- Information shown
※

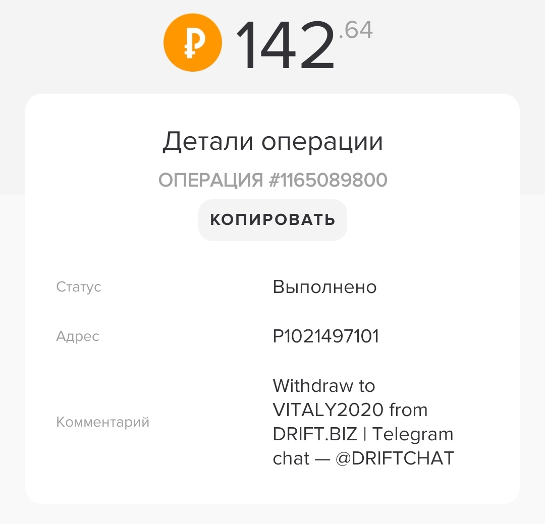 Комментарий: Withdraw from DRIFT.BIZ | Telegram chat — @DRIFTCHAT
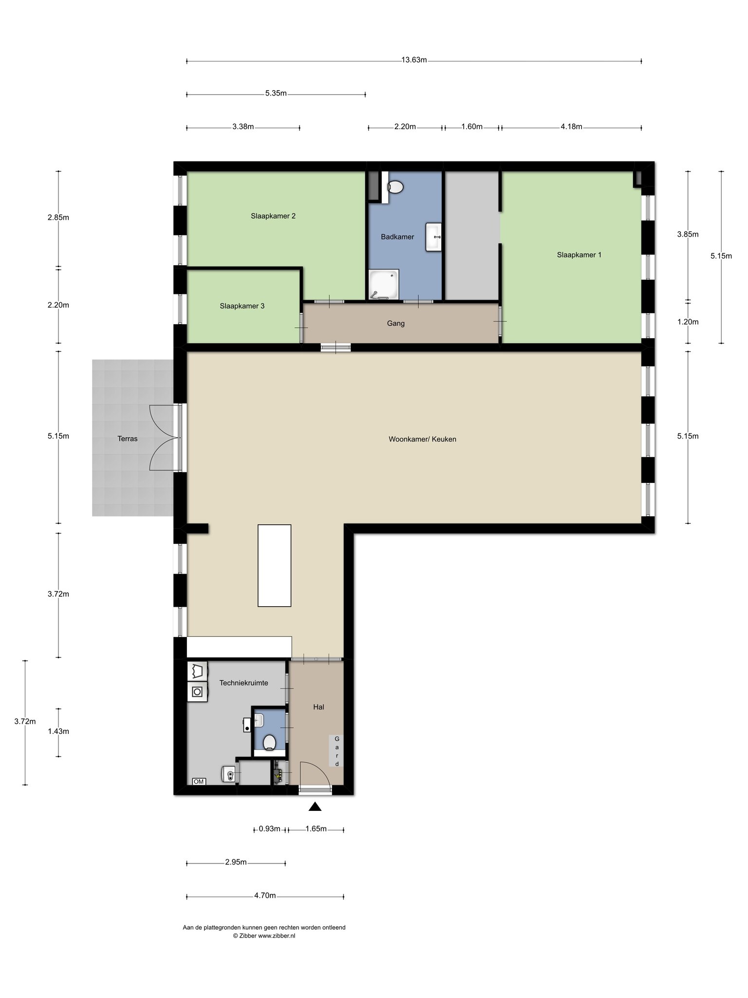 Indeling: entree, hal, toilet, technische ruimte, dubbele deuren naar woonkeuken, woonkamer van maar liefst 88 m2 met openslaande deuren naar het terras en hoge ramen aan de voorzijde met zicht op de haven, gang, drie slaapkamers waarvan 1 slaapkamer met inloopkast en badkamer.
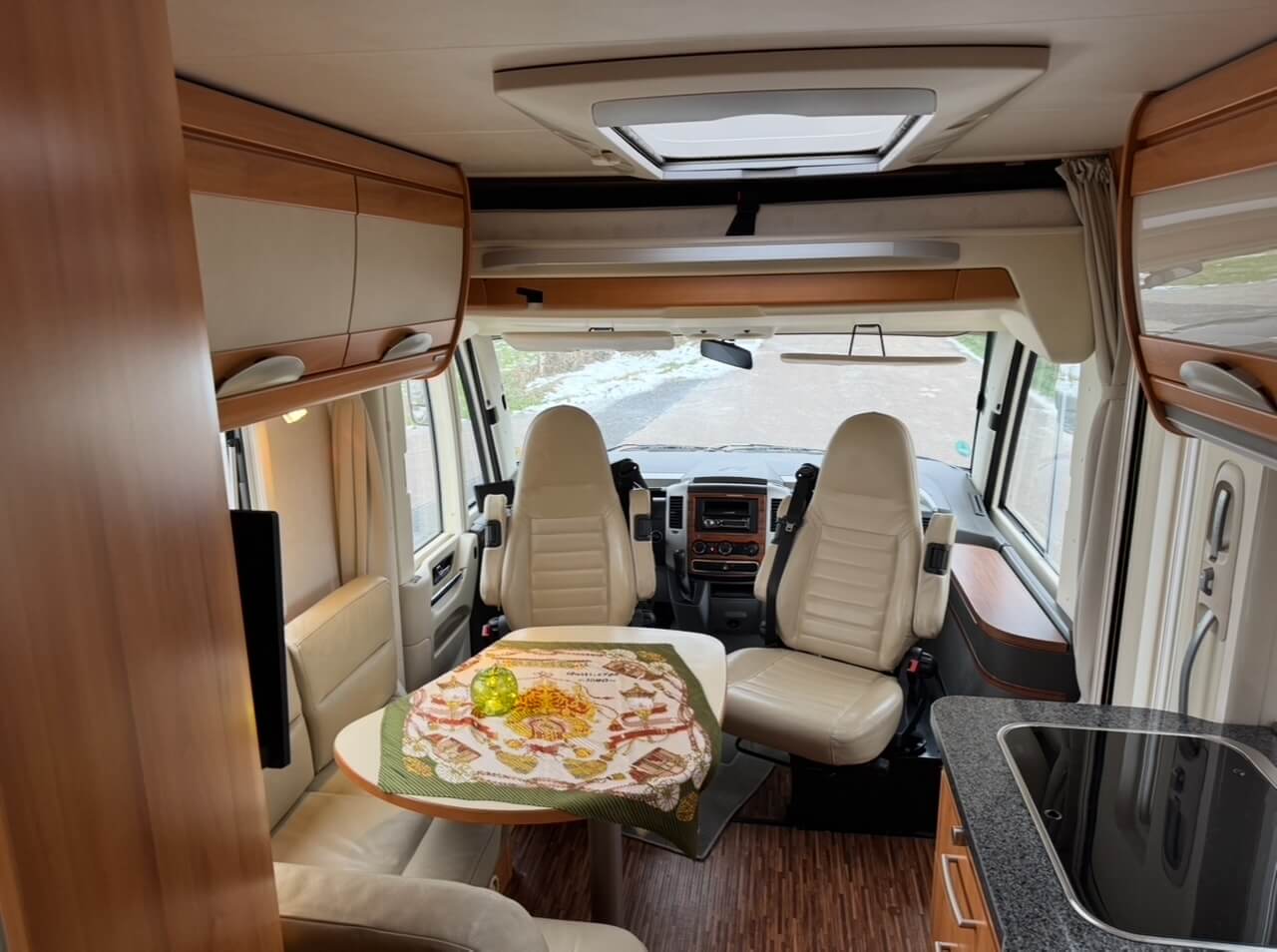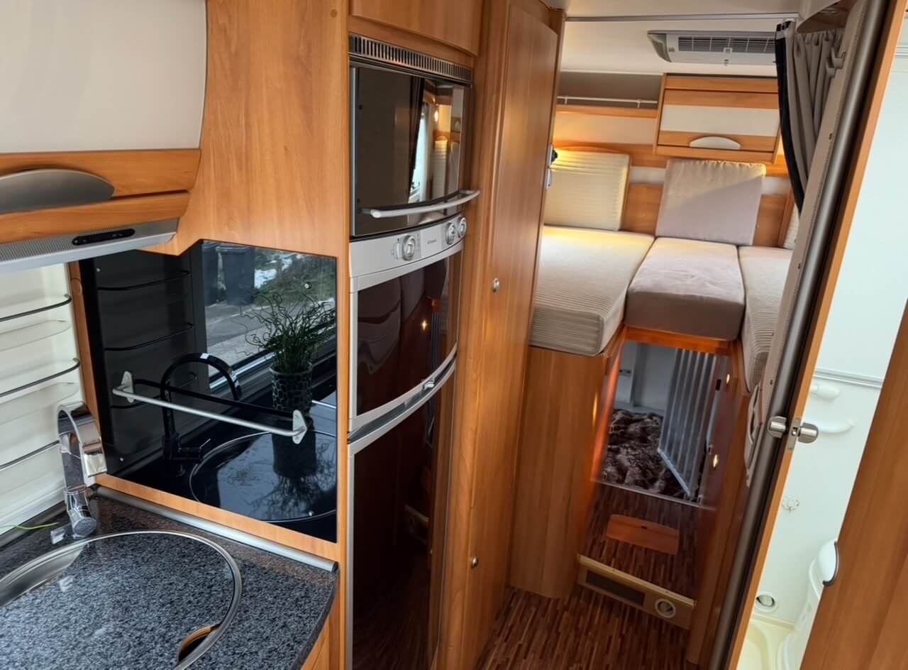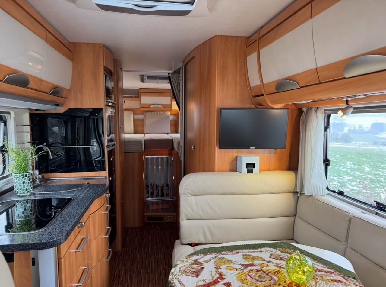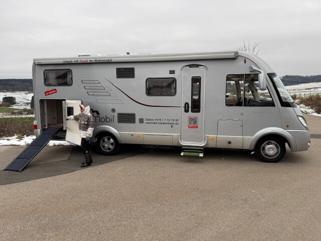 Waumobil Don ist ein komfortables Wohnmobil Hymer B 675 SL auf Mercedes-Basis, das speziell für Hundebesitzer ausgestattet ist. In der großen, von außen und innen zugänglichen Heckgarage befindet sich eine extra große Hundebox, ideal auch für Mehrhundebesitzer. Dank hochwertigem Hymer-Aufbau und guter Isolierung eignet sich Don hervorragend für Winterurlaub, bietet viel Stauraum, gemütlichen Wohnkomfort und eine sichere, entspannte Reise für Mensch und Hund.

※

- About this exercise
A word-for-word restatement of all the lines above is needed, with the pictures omitted.

- Finished exercise
 Комментарий: Withdraw from DRIFT.BIZ | Telegram chat — @DRIFTCHAT
 Indeling: entree, hal, toilet, technische ruimte, dubbele deuren naar woonkeuken, woonkamer van maar liefst 88 m2 met openslaande deuren naar het terras en hoge ramen aan de voorzijde met zicht op de haven, gang, drie slaapkamers waarvan 1 slaapkamer met inloopkast en badkamer.
 Waumobil Don ist ein komfortables Wohnmobil Hymer B 675 SL auf Mercedes-Basis, das speziell für Hundebesitzer ausgestattet ist. In der großen, von außen und innen zugänglichen Heckgarage befindet sich eine extra große Hundebox, ideal auch für Mehrhundebesitzer. Dank hochwertigem Hymer-Aufbau und guter Isolierung eignet sich Don hervorragend für Winterurlaub, bietet viel Stauraum, gemütlichen Wohnkomfort und eine sichere, entspannte Reise für Mensch und Hund.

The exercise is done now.